Material and methods
We conducted a cross‐sectional study to evaluate pregnant women during the first and second waves of COVID‐19 compared with both each other and with pregnant women from before the pandemic. Participants were recruited through social media platforms, hospitals, and midwifery practices. Pregnant women aged ≥18 years who had mastered the Dutch language were eligible to participate. Fear of childbirth was measured with the Wijma Delivery Expectancy Questionnaire online using a cut‐off score of ≥85 to indicate clinically relevant fear of childbirth. The primary outcome was the prevalence of fear of childbirth. We undertook additional analyses to specifically look at possible effect modification.
Results
In total, 1102 pregnant women completed the questionnaire during the first wave of the pandemic, 731 during the second wave, and 364 before the pandemic. Fear of childbirth was present in 10.6%, 11.4%, and 18.4%, respectively. We considered possible effect modification, which indicated that age and parity had a significant influence. In participants during the first wave of COVID‐19, nulliparous women had significantly lower odds (odds ratio [OR] 0.50; 95% confidence interval [CI] 0.34–0.73; p < 0.01) of having a fear of childbirth than did the reference group.
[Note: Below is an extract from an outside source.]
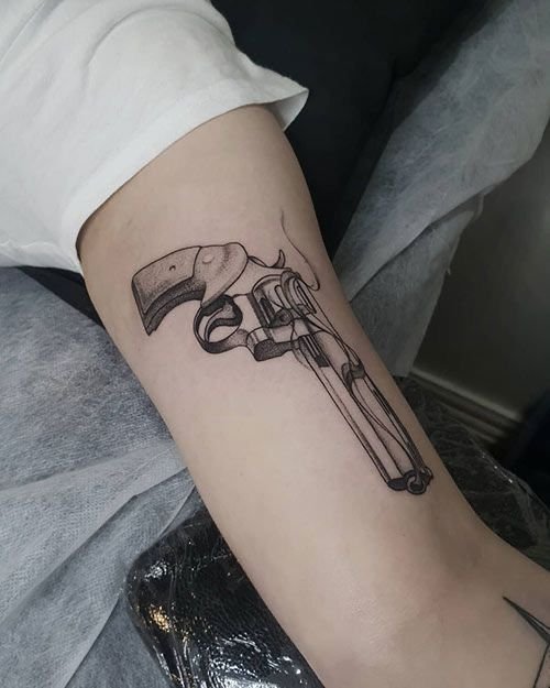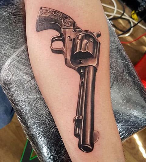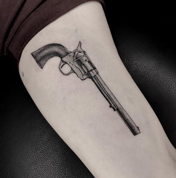 A tetoválásokhoz leggyakrabban olyan revolvereket választanak, mint a Colt, a Spiller & Barr és a Remington. Az utolsó lehetőséget a vázlatokban meglehetősen ritkán használják. A revolver testképe nagyon vonzónak tűnik, és a hideg számítás és az erő megjelölését hordozza.

Both younger participants in the first wave (OR 0.59; 95% CI 0.37–0.93; p < 0.05) and older participants in the first wave (OR 0.44; 95% CI 0.28–0.71; p < 0.01) and the second wave (OR 0.36; 95% CI 0.21–0.62; p < 0.01) of COVID‐19 had lower odds of fear of childbirth than the reference group.
Conclusions
Pregnant women during the first and second waves of COVID‐19 had lower fear of childbirth scores than pregnant women before the pandemic, indicating less fear of childbirth during the pandemic. This could be explained by an increased level of information, more time to consume information, and better work–life balance with more people working at home during the pandemic.
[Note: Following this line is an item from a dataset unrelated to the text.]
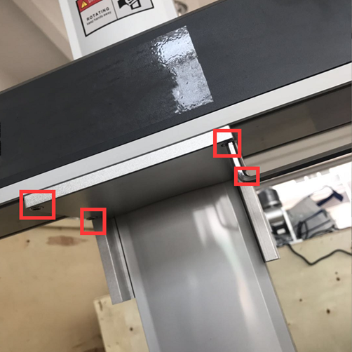 Instale la columna de elevación ajustando los tornillos a la base de la mesa de trabajo con ayuda de una llave Allen

Keywords: anxiety, coronavirus, COVID‐19, fear of childbirth, pregnancy, Sars‐Cov‐2
Abbreviations
- CI
confidence interval
FoC
fear of childbirth
- HEAR
Request for HElp in fEAr of Childbirth
OR
odds ratio
- W‐DEQ A
Wijma Delivery Expectancy Questionnaire version A
Key message.
Fear of childbirth does not appear to have increased during the COVID‐19 pandemic in the Netherlands.
1. INTRODUCTION
In early 2020, the World Health Organization declared coronavirus disease 2019 (COVID‐19) to be a pandemic, 1 resulting in worldwide measures to prevent the virus from spreading, including border closures, quarantines, lockdowns, partial lockdowns, and travel restrictions. 2 These measures and restrictions affected mental health, 3 and several studies have found that the experience of pregnancy and delivery was also affected. 4 , 5 For example, one recent systematic review found a higher prevalence of both depression and anxiety in pregnant women during the COVID‐19 pandemic (the pandemic), although heterogeneity was significant. 6 However, we found no such relationship in the Netherlands, with 20% of pregnant women having high levels of anxiety during the pandemic compared with 23% before the pandemic. Similar levels of depression were found in pregnant women during compared with before the pandemic (13% vs 15%, respectively). 7
In addition to possible increases in anxiety and depression symptoms among pregnant women during the pandemic, 6 fear of childbirth (FoC) may also have risen, as mental health problems are a known predictor of FoC. 8 Although the definition of FoC varies, it covers a range of symptoms and feelings directly related to childbirth that interfere with normal occupational and domestic functioning, relationships, and social activities. 9 A systematic review showed an overall pooled prevalence of FoC of 14% in pregnant women before the pandemic. 10 Besides pre‐existing mental health problems such as anxiety and depression, several other predictors have also been associated with FoC in general, including lack of social support, younger age, nulliparity, and obstetric complications during pregnancy or previous delivery. 11 However, other studies have contradicted some of these predictors, showing a higher prevalence of FoC in women with advanced maternal age 12 and in multiparous women. 8 , 10
Overall, the pandemic could have had an influence on FoC and negative experiences of childbirth.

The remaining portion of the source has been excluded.